O presidente Jair Bolsonaro, na sua postura de vassalagem a Donald Trump, adotou a indigna conduta de cabo eleitoral do candidato Republicano. Postura que custou caro ao Brasil, do ponto de vista diplomático e dos interesses comerciais do país. Para Trump ganhar votos do agronegócio, Bolsonaro isentou o etanol estadunidense, prejudicando a agroindústria brasileira. Por votos para Trump, dessa vez dos latinos da Flórida, Bolsonaro e seu chanceler receberam o secretário de Segurança dos Estados Unidos, Mike Pompeo, e montaram uma cena de preparação de guerra contra a Venezuela, em Roraima, com censura dos documentos diplomáticos a respeito determinada pelo governo brasileiro. Mesmo depois das eleições, Bolsonaro e seu clã, alheios aos interesses do Brasil, mantiveram o discurso de lealdade a Trump, endossando o discurso de que houve fraude.
O antidemocrático colégio eleitoral dos Estados Unidos, a judicialização do resultado pelo presidente da República derrotado que diz que houve fraude, são também sintomas do declínio dos Estados Unidos enquanto potência hegemônica. De país cantado em verso e prosa pela grande mídia capitalista, pelos ideólogos do imperialismo, como exemplo de democracia para o mundo, o que a opinião pública mundial agora vê é um arcabouço institucional, eleitoral e jurídico obsoleto, com rachaduras e razoável perda de legitimidade.
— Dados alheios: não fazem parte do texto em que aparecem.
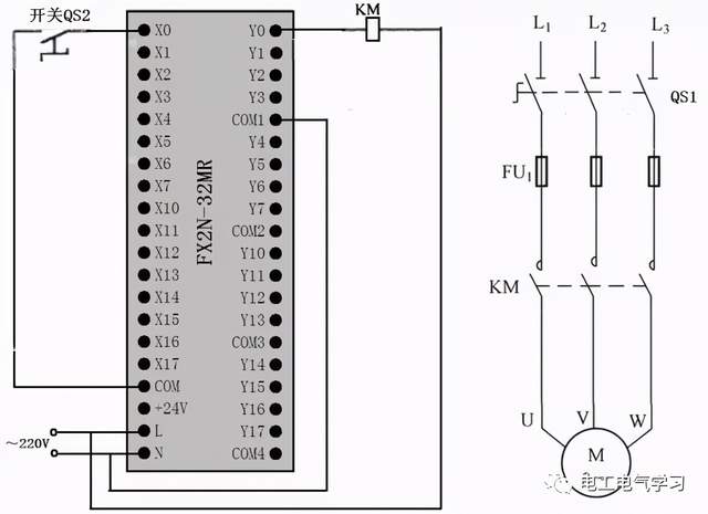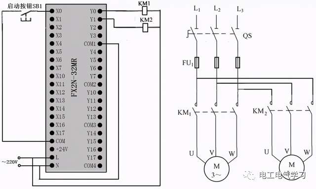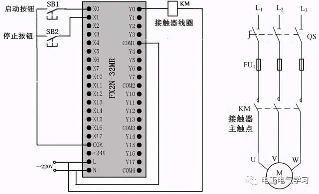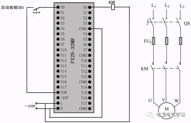 点击起动按钮SB1时,PLC内部梯形图程序中的起动触点X000闭合,输出线圈Y000得电,输出端子Y0内部硬触点闭合,Y0端子与COM端子之间内部接通,接触器线圈KM得电,主电路中的KM主触点闭合,电动机得电起动。
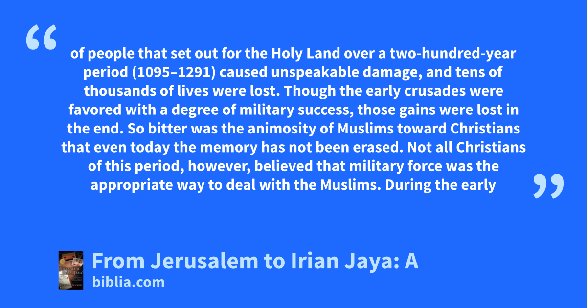 of people that set out for the Holy Land over a two-hundred-year period (1095–1291) caused unspeakable damage, and tens of thousands of lives were lost. Though the early crusades were favored with a degree of military success, those gains were lost in the end. So bitter was the animosity of Muslims toward Christians that even today the memory has not been erased. Not all Christians of this period, however, believed that military force was the appropriate way to deal with the Muslims. During the early

Finalmente, as eleições dos Estados Unidos suscitam reflexões à oposição democrática brasileira, em especial às forças de esquerda e progressista. A derrota de Trump, somente alcançada voto a voto e por pequena margem, exigiu uma ampla convergência em torno do candidato democrata, intensa mobilização do povo, que se configurou nas jornadas contra o racismo, refletiu a tragédia de uma pandemia que ceifou até aqui mais de 220 mil mortes de estadunidenses, pesada recessão, quebradeira de empresas e forte desemprego. Em síntese: é muito desafiador desapear do poder forças de extrema direita eleitas pela maioria do eleitorado. Demanda unidade das forças de oposição e intensa e forte mobilização do povo.
E mesmo quando
rechaçadas pelo voto popular, resistem em aceitar o resultado. É a da essência
do fascismo: só aceitam o resultado das urnas quando estas lhe são favoráveis,
quando perdem tramam golpes. Se sublinhe que mesmo vitorioso nas urnas,
Bolsonaro disse que houve fraude. E agora ele e seus agregados fazem coro com a
pregação golpista e antidemocrática de Trump, e desde já atacam o sistema de
votação e apuração de votos no Brasil, respeitado no mundo e consensuado como
seguro no nosso país, consequência do resultado negativo de Trump. Veremos
se em 2022 Bolsonaro não repetirá Donald Trump, seu chefe e guia ideológico.